Abstract

The relationship between the local and the global is a complex and contested one, with little consensus on either its meaning or interpretation in a practice context. Social work research has addressed the linkages between them since the late 1980s, early 1990s and covered issues such as migration, intercountry adoptions and poverty. However, such research has not hit the headlines like Thomas Piketty’s (2014) book, even though similar points were made much earlier. Now, much of the research addresses the local–global nexus, that is, the impact of the local on the global and the interaction in the reverse direction. Recently, social work research has also focused on climate change and environmental degradation as problems of industrialisation that have been intensified under neoliberal globalising regimes that promote the interests of capital at the expense of those of ordinary people and the physical environment. The neglect of social work research in the public arena is linked to the profession’s lack of voice and questioned status as a profession since its inception, although the Global Agenda is attempting to redress this problem. Yet it remains the case that few economists refer to the social work literature, but many social work researchers refer to studies undertaken in economic and other disciplines. The articles in ISW 60(2) continue social work’s history of exploring the challenges of globalisation through the local–global nexus as articulated in social work education and practice.
The challenges of globalisation for education, including the danger of imposing Western knowledge and views on entire world, are explored at length in the first article, in which Michele Sogren and Karene-Anne Nathaniel go on to argue for a locality specific, culturally relevant approach to social work by considering the Global Agenda from a Caribbean perspective. The authors highlight the importance of ‘country-specific mandates and jurisdictions’ ‘as the primary determinants of social work practice, education and policy development’. Interestingly, the research they conducted, namely considering the Global Agenda through a focus group, revealed the complicated links between local perceptions of social work as a profession and the desire to respond to macro-level issues raised by the Global Agenda, especially that of social justice.
Travel to study abroad is an important part of the globalisation process within the profession, and is covered by the next article. Travel for educational purposes carries the danger of imposing imperialist ontologies on other countries, while also heightening people’s understandings of themselves and others in the world. Human rights are an important element within these interactions, and require handling with sensitivity and awareness. Orit Nuttman Shwartz and Rebecca Ranz in their article consider the implications of students from Israel and India spending time in each other’s country during a short-term field placement abroad. They discuss both relativism and universalism in upholding human rights within the terminological constraints inherent in terms like ‘developed’ and ‘developing’ countries. Some social work academics have highlighted the failure of such phraseology to address the presumption of superiority attached in wider discourses around countries considered ‘developed’, and have proposed the use of ‘industrialising’ and ‘industrialised’ countries, the global South and global North, or the one-third and two-thirds world, instead. The student narratives about their experiences indicate differences in priorities, perceptions and interactions between Indian and Israeli social work students alongside the care they take to respect and value each other. The authors conclude that social work placements abroad need greater engagement and cultural competency to create a more equal playing field.
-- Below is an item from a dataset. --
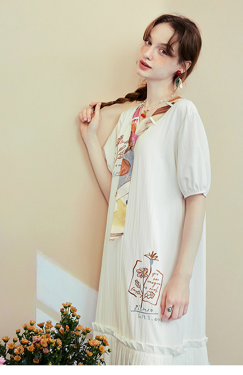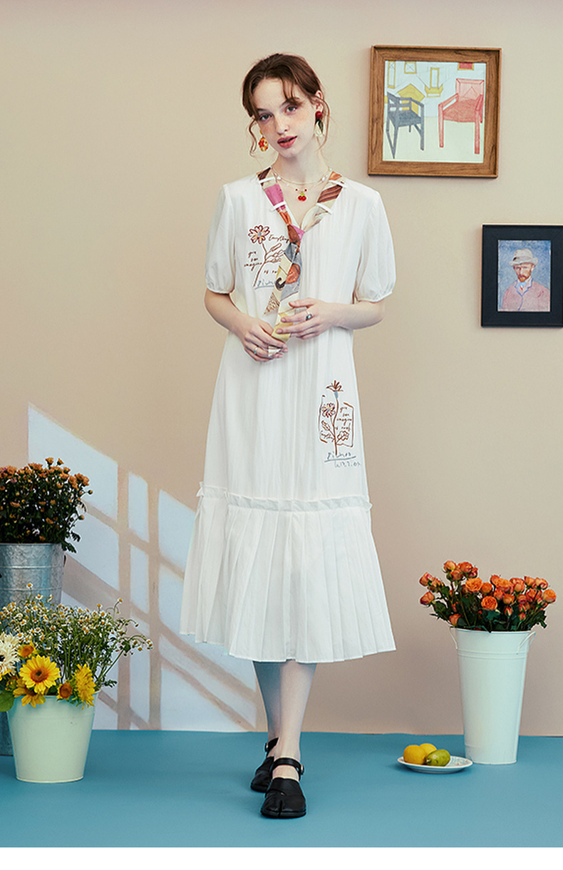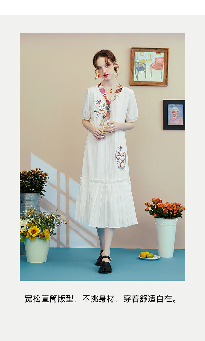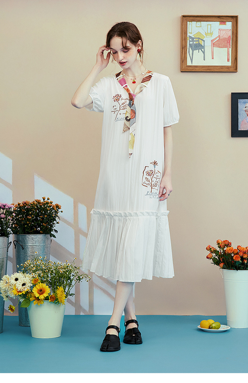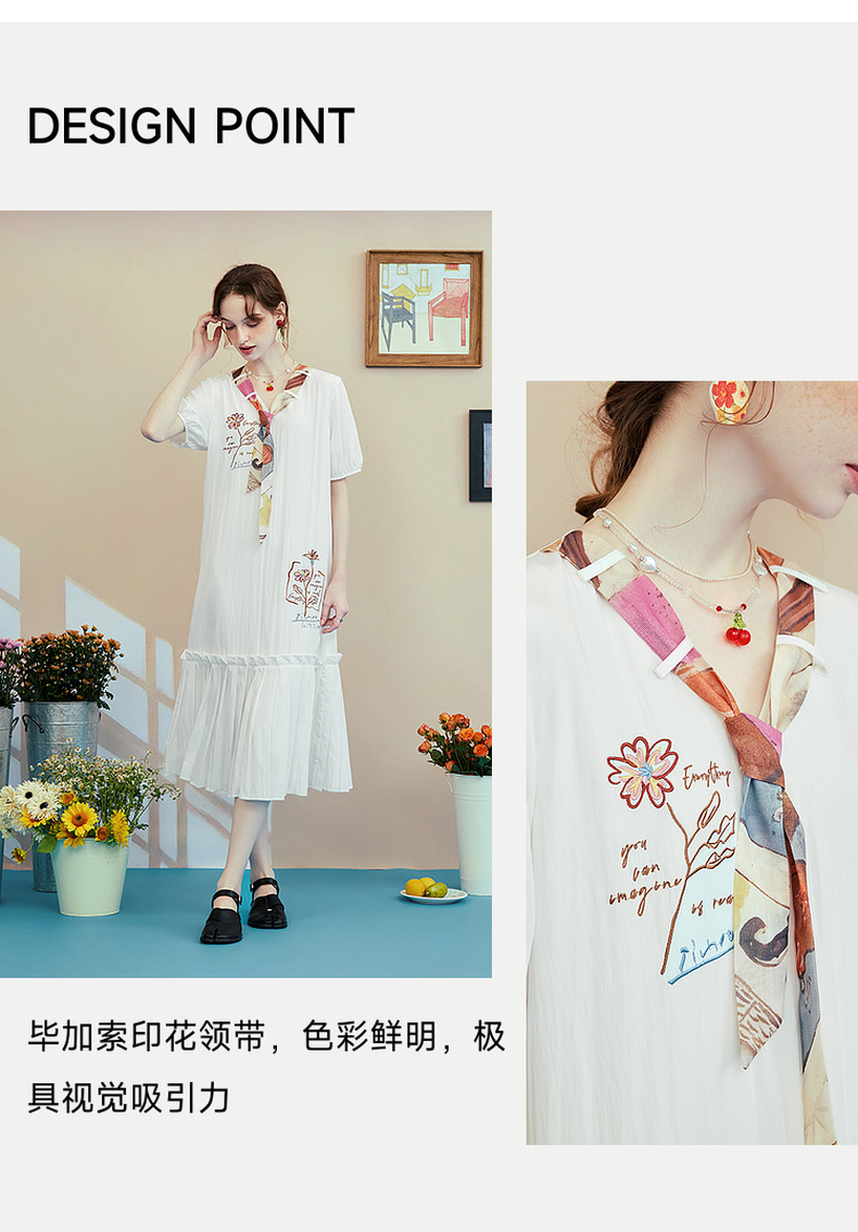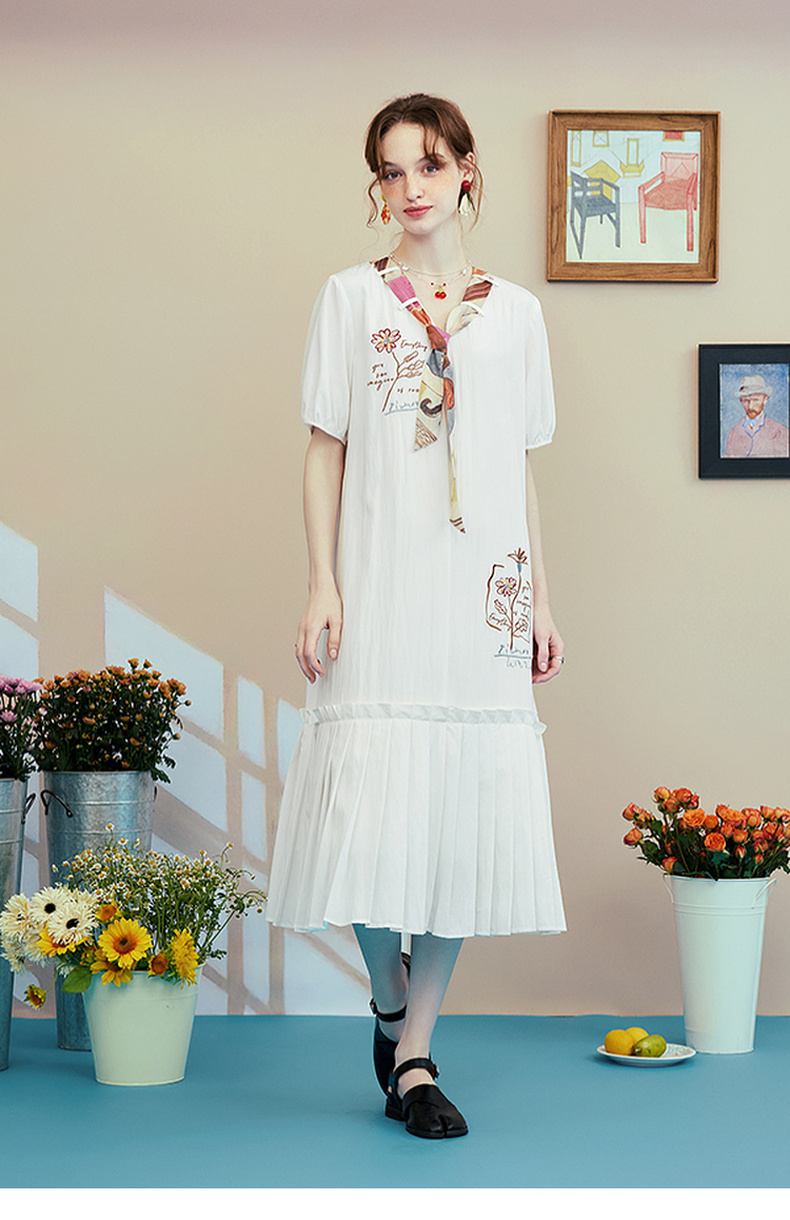 两三事 空谷迷香 2025夏季新款复古印花绑带领绣花百褶裙摆连衣裙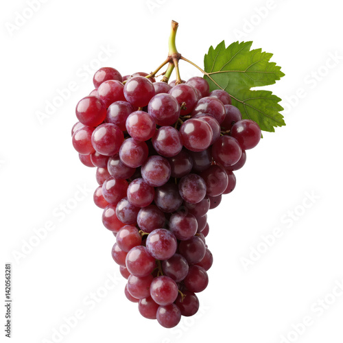 © Sanya, Fototapeta premium Close-up of green grapes with leaves isolated on white background

The theme of preparing students for encounters through overseas study is also considered in the following article by Roni Berger and Marilyn S Paul. Here, they are preoccupied with the teaching of the ‘cultural aspects of trauma practice in a study abroad immersion course’. Their research reveals that individual and collective forms of trauma are poorly understood, but need to be considered within the wider context of multiculturalism and diversity in both the social work curriculum and practice. Skin colour, language, culture, religion, social exclusion and unemployment are all factors that can contribute to stress and complicate interactions between those from different ethnic groups, even within an educational context.
In their article, Eunjung Lee and Marjorie Johnstone use the term ‘education migration’ to encompass the complex issues raised when students cross borders to engage in the internationalisation of education. Using South Korea and Canada in their case study, they expose the role that social policy plays in the gradual process of limiting the citizenship claims of education migrants who become workers by remaining. Those who stay behind to become labour migrants assume a significant role in the nation-building endeavours of the receiving country. At the same time, their importance to the sending country is played out in the overseas income they send to their family (including extended family) that stays behind in their country of origin. As Small (2007) indicates, such remittances play a significant role in the family life of what have become known as transnational families. Cross-border splits in family structure can, nonetheless, risk social integration because exclusionary dynamics impinge on the lives of these labour migrants. Moreover, the authors argue, such exclusionary processes distinguish deserving migrants from the undeserving ones, and establish an oppositional binary between the established nationals of the nation-state in question and the other residents.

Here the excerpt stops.